How can missionaries and religious people work with the indigenous people, whilst respecting their religion? How can a mission that is almost 100 years old change its path and start to strengthen another religion? 

To start with, it is necessary to understand the other religion and comprehend how it has been transformed, whether this is through changes in the indigenous life style, or through the very presence of the mission.

Faced with these challenges, 20 religious and lay people have been together since Tuesday, September 12, in Santarém, in the Brazilian northern state of Pará, studying the religion of the Munduruku people, who live near to the Tapajós River, in Pará. 

"We do not study another religion to believe in it, but to understand it," said anthropologist Lucia Rangel, advisor at the meeting.

"In general, indigenous religions have different conceptions of live and death, body and soul, and the link between religion and work to those held by Western belief systems. These are not fragmented activities. While they are working, the people pray. While they are eating and drinking, they transcend. It is an integrated world," Rangel claims. 

In the same way, the events in the Munduruku social life are strongly related.
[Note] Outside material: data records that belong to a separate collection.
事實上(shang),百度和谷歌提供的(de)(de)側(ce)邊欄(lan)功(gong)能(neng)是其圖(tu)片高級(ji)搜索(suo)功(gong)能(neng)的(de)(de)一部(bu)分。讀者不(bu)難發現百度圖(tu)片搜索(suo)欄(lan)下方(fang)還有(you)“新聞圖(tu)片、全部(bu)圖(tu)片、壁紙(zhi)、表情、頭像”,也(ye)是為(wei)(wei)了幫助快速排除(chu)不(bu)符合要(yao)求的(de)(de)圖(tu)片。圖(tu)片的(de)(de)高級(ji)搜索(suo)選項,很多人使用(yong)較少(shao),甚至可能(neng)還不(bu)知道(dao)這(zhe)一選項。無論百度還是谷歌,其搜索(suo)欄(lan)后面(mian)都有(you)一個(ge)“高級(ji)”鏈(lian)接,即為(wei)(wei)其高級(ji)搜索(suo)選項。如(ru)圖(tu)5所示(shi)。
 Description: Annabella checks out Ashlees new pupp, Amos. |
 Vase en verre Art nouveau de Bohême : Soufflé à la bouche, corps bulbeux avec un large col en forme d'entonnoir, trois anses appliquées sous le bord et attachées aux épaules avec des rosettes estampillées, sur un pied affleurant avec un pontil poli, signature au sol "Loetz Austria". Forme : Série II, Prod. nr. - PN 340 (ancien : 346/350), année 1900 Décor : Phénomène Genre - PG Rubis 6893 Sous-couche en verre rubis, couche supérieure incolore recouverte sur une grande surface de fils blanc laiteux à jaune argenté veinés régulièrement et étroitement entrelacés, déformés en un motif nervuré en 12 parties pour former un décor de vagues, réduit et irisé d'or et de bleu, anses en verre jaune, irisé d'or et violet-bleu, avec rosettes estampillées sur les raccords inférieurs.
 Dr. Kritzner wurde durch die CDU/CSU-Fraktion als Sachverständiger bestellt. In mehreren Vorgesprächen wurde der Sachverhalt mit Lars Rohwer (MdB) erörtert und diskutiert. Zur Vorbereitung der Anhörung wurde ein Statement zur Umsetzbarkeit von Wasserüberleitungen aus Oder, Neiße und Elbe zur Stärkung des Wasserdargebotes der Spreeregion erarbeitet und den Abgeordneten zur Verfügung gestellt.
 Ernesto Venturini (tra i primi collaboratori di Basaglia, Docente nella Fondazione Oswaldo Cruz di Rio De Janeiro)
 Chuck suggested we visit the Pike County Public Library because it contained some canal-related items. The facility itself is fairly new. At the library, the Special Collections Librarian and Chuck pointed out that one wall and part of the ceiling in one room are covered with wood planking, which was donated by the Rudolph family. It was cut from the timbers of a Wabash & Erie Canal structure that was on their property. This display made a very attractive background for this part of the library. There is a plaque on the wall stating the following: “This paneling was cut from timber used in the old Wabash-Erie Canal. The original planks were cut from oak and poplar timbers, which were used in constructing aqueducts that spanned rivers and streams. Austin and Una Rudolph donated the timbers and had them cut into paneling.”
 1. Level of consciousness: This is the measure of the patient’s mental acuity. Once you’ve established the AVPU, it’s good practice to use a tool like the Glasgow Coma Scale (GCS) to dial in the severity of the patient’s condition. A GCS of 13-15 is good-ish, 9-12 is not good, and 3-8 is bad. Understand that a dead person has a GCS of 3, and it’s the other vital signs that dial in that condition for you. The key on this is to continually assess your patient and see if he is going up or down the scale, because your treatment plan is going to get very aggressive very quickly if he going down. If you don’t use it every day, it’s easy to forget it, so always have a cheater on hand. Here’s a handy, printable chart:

Hunting is an economic activity but it also has social value, because the skills it requires are the same as those needed for war, and this is traditionally a warrior society.
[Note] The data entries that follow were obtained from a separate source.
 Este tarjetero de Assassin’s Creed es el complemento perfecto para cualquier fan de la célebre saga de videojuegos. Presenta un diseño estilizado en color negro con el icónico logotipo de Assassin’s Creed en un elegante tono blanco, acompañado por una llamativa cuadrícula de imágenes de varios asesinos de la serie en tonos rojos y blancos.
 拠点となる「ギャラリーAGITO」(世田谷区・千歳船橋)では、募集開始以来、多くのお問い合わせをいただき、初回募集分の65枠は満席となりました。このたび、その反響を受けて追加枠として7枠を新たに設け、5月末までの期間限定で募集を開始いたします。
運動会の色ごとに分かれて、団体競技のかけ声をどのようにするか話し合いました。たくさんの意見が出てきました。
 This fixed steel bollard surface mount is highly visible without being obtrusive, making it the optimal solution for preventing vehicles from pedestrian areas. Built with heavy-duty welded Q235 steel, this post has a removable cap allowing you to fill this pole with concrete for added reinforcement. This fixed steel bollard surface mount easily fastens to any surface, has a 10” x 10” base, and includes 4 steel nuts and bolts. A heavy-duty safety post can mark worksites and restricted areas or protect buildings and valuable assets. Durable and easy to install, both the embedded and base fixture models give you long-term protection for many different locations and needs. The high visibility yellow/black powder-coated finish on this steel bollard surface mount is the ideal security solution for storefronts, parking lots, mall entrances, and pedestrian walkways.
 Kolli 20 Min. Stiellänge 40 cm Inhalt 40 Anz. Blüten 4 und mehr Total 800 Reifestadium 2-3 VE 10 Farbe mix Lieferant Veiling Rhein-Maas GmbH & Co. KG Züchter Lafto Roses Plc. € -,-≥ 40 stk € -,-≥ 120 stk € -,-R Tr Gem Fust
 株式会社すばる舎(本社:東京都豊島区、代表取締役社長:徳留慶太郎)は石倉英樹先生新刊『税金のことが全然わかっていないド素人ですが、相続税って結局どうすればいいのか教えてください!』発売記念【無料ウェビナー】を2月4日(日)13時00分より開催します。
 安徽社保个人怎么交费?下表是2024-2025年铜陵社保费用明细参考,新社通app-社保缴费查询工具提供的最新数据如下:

The hunt is linked to religious activities because of the rituals that are involved, since the animals also have spirits. The spirits of animals are feminine: each animal has a spirit-mother. Thus, hunting is a masculine activity, but the women have to protect the hunt. They are different, yet complementary roles.

The group intends to better understand the spiritual forms of this people who were warriors, farmers and hunters for many centuries, and who are now living off other forms of production such as latex extraction, cattle raising and prospecting.

These activities have brought changes to the daily life and, therefore, to the social relationships between the Mundurukus, which have led to the readjustment of their religious aspects. 

Mission Re-evaluated

The Francisclarian mission that works with the Munduruku was built by the Catholic Church around 100 years ago. Ever since 2003 it has been undergoing an intense evaluation process.

The changes began with internal adjustments: the work which had previously been carried out by Franciscan monks and by sisters of the Immaculate Heart of Mary has started to be coordinated by the two groups together.

All the aspects of the mission’s work – in health, education and evangelization – have been reviewed. The intention for the mission’s school is to be managed by the indigenous people in the future and they have been trying to offer a bilingual education, already before the evaluation started, respecting the language learnt by the children in their own houses. Now, they are working on developing indigenous language teaching materials.